ときに皆さま、今実現したい目的はおありでしょうか。そのために何か活動していらっしゃるでしょうか。そうなさっているとしたら、次に気になるのはこれではないでしょうか「私はこの分野に適性があるんだろうか?」。

この点について私なりの目安をお伝えしたく存じます。

「ある分野でやりたいことがあって、そのための努力を具体的に続けられている」のなら、その分野にはある程度適性があると見てよいと考えています。たとえ今は、自分の納得いく成果が出せていなかったとしても、です。

 

なぜそう考えるようになったのか? お話しするにあたり、少しだけ昔話をいたしましょう。
私にはピアノを習わせてもらっていた時期があります。鍵盤に触り始めたのは小学生のころ。とはいえ熱心だっとはお世辞にも言えません。練習から抜け出したり、五線譜に落書きをしたりして、先生を困らせておりました。

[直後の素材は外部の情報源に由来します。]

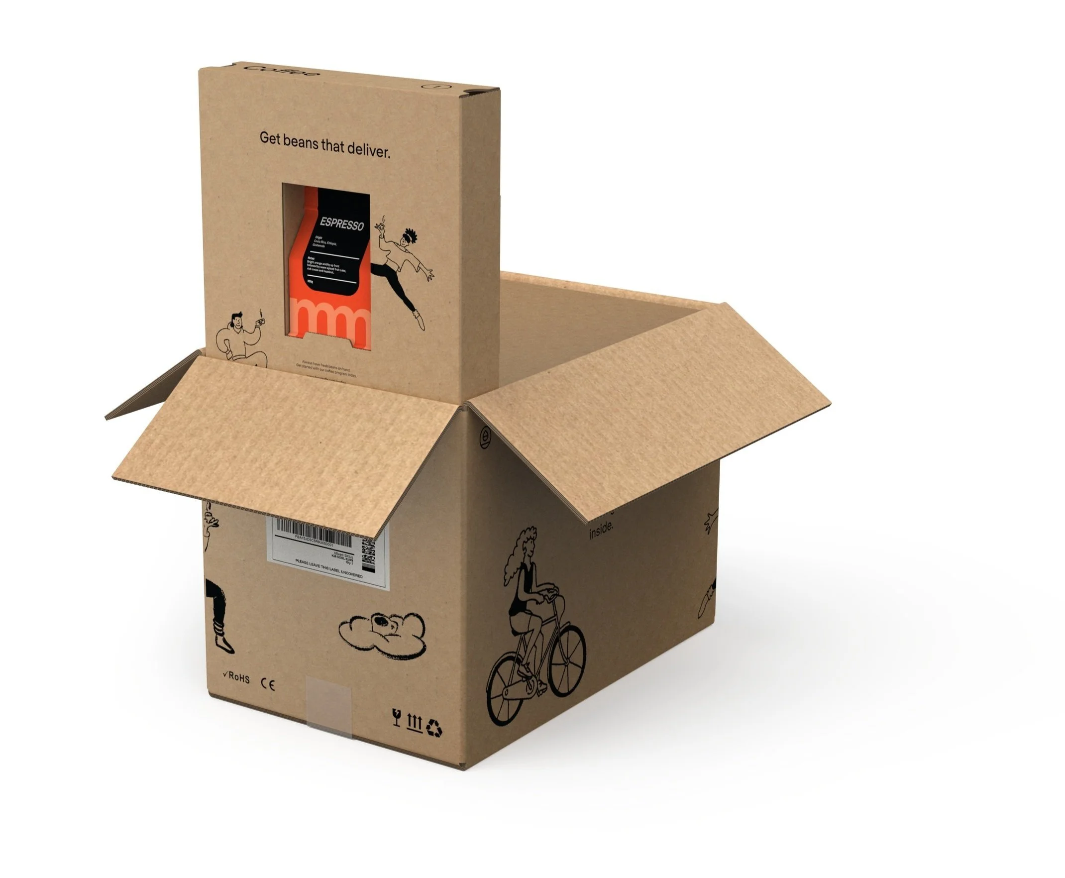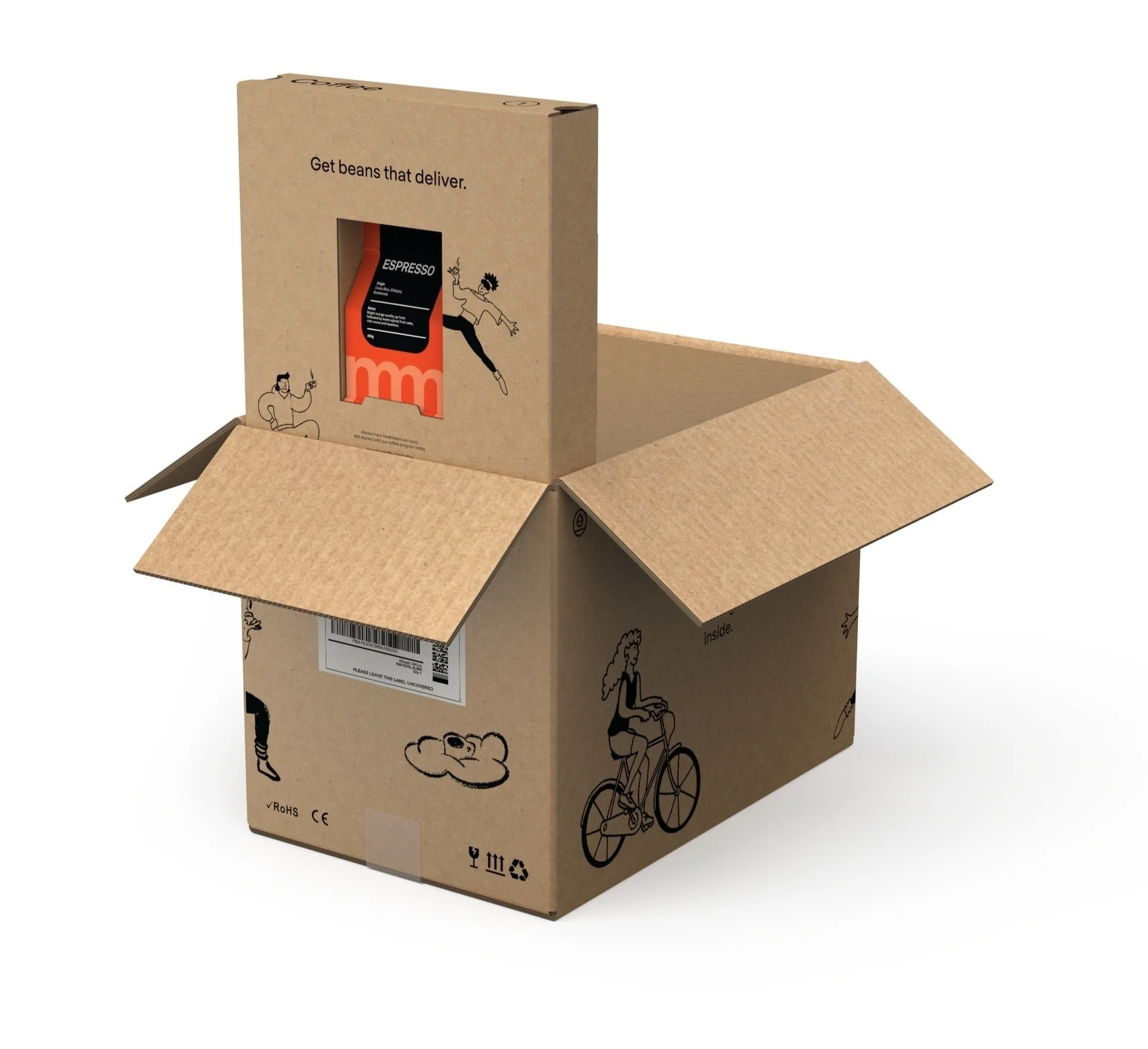 To surprise and delight customers during the unboxing process, a bag of coffee selected at checkout is included in the same box as their TK-02. Making this possible required a thorough understanding of the supply chain process and coordination with packout teams. An external “coffee pocket” and internal coffee bag insert were designed to accommodate this addition. The side-loading external door (coffee pocket) was created to customize the secondary shippers with a unique bag of beans while keeping them palletized. The door is sealed with an artwork label, and the TK-02 is ready to be shipped with everything needed for costumers to start brewing.
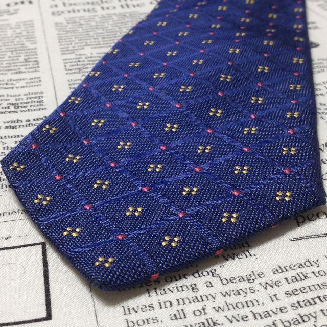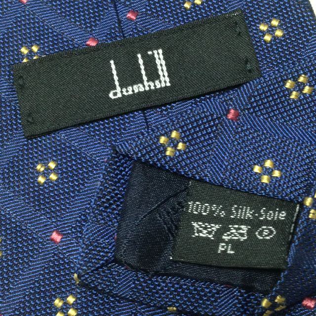 ダンヒル dunhill 微光沢 ネクタイ イギリス製 シルク100% パターン柄 濃紺系 ネイビー系 M-007364

そんな調子でも、音楽自体が嫌いなのとはちょっと違いました。他の誰かが演奏する音には素直に耳を傾けていたからです。

 

では何がそんなに嫌だったのか? 「不協和音」です。

練習中、間違って鍵盤を叩いたときの、私自身が鳴らす不協和音に耐えられなかったのです。そのことに自覚もなく、説明できる適切な言葉も持っていなかった私は、嫌な音から逃げ回っていたわけです。
大きな音、濁った音に敏感な体質の原因が、感覚過敏から来ていたと気がついたのは、それから十数年後。発達障害の体質がわかった後のことです。

 

やってみたいと思っても、体質が噛み合わないことはあります。体を動かせないこともあります。

なので私はこう考えるのです。やりたいことがあって、その分野で努力を続けることができているのなら、もう実現する準備はできているんじゃないか、と。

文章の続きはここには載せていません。